Учение Толстого о любви стоит в одном ряду исканий русской интеллигенцией "смысла любви", наряду с исканиями смысла веры и смысла жизни. Это учение безусловно можно отнести к традиции "русской философии любви", связанной с именами B. C. Соловьева, П. А. Флоренского, С. Л. Франка, Н. А. Бердяева, Л. П. Карсавина, Б. П. Вышеславцева и др. Разумеется, речь идет не о прямом взаимодействии или открытой полемике. Духовный масштаб личности Толстого и неприятие им традиционного жанра философии не способствовали его интересу к современным философским учениям. Например, "Смысл любви" Вл. Соловьева, имеющий немало общего с толстовской концепцией любви, Толстым не был замечен. Тем не менее, это не мешает рассматривать толстовское учение о любви в сравнительно-философском ключе в контексте русской традиции. Это дает возможность определить и конкретизировать основные черты данного учения, прежде всего, в плане соотношения в нем христианского и античного начал. Подобный подход оправдан тем, что русская религиозная философия любви также была склонна в целом к платонизированному христианству. В связи с этим при оценке толстовской концепции любви мы должны обратиться к античной философской и христианско-богословской мысли.
Свое понимание любви Толстой излагает в VII главе программной работы "Закон насилия и закон любви", в которой он прямо говорит о том, что христианское учение в целом во всем его истинном значении есть именно "учение о законе любви". Хотя во многих дохристианских учениях (в особенности -- в даосизме и буддизме) любовь также признавалась одной из главных добродетелей, ни в одном из них она не выступала в качестве всеобщей основы и закона жизни. В этом смысле христианское учение о любви "не есть, как в прежних учениях, только проповедь известной добродетели, но есть определение высшего закона жизни человеческой и неизбежно вытекающего из него закона поведения"2.
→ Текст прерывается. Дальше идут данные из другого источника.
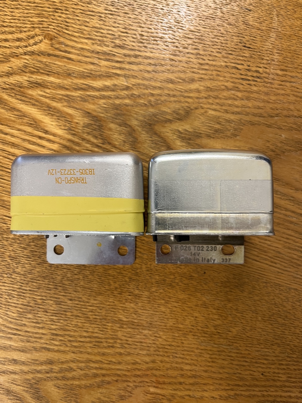 Thought I would show what is going on. The aftermarket are 180 degrees out in the rear and that makes the single one in center out. Depth of bottom is about 1/4" shorter the Bosch one. Aftermarket will work with enlarged holes BUT it still sets higher on the relay board.
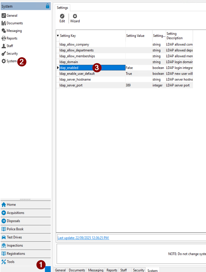 To enable LDAP integration, navigate to system settings and search for "ldap"

Какой же смысл вкладывает Толстой в понятие "закон любви"? Прежде всего, необходимо заметить, что употребление понятия "закон" применительно к учению Христа отнюдь не является ветхозаветным или языческим рудиментом. В Послании к римлянам ап. Павел пишет: "любовь есть исполнение закона" (13,10). В святоотеческой традиции "любовь" и "закон" также нередко сближаются. Например, у Максима Исповедника сказано: "Если кто злословит брата или судит брата своего, тот злословит закон и судит закон (Иак. 4, 11), а закон Христов есть любовь"3. В этих словах подчеркивается та мысль, что вся библейская законность вместилась у Христа в заповедь любви. Закон стал любовью, а любовь стала высшим законом жизни.
Именно в этом духе Толстой и развивает свое учение о "законе любви", вкладывая в это понятие различные смыслы. Во-первых, закон любви обосновывается как естественное выражение духовной природы человека, как преломление закона всемирного духа в жизни разумных существ. "Один только есть у всех существ верный руководитель. Это -- всемирный дух, который заставляет каждое существо делать то, что ему должно делать: дух этот в дереве велит ему расти к солнцу, в цветке -- переходить в семя, в семени -- упасть в землю и прорасти. В человеке дух этот велит ему соединяться любовью с другими существами"4. Поэтому человеку "естественно быть любовным" точно так же, как воде естественно течь сверху вниз, пчеле -- летать, змее -- ползать, рыбе -- плавать и т. п. "И потому, -- заключает Толстой, -- если человек, вместо того, чтобы любить людей, делает зло людям, он поступает так же странно и неестественно, как если бы птица стала плавать, а рыба -- летать"5.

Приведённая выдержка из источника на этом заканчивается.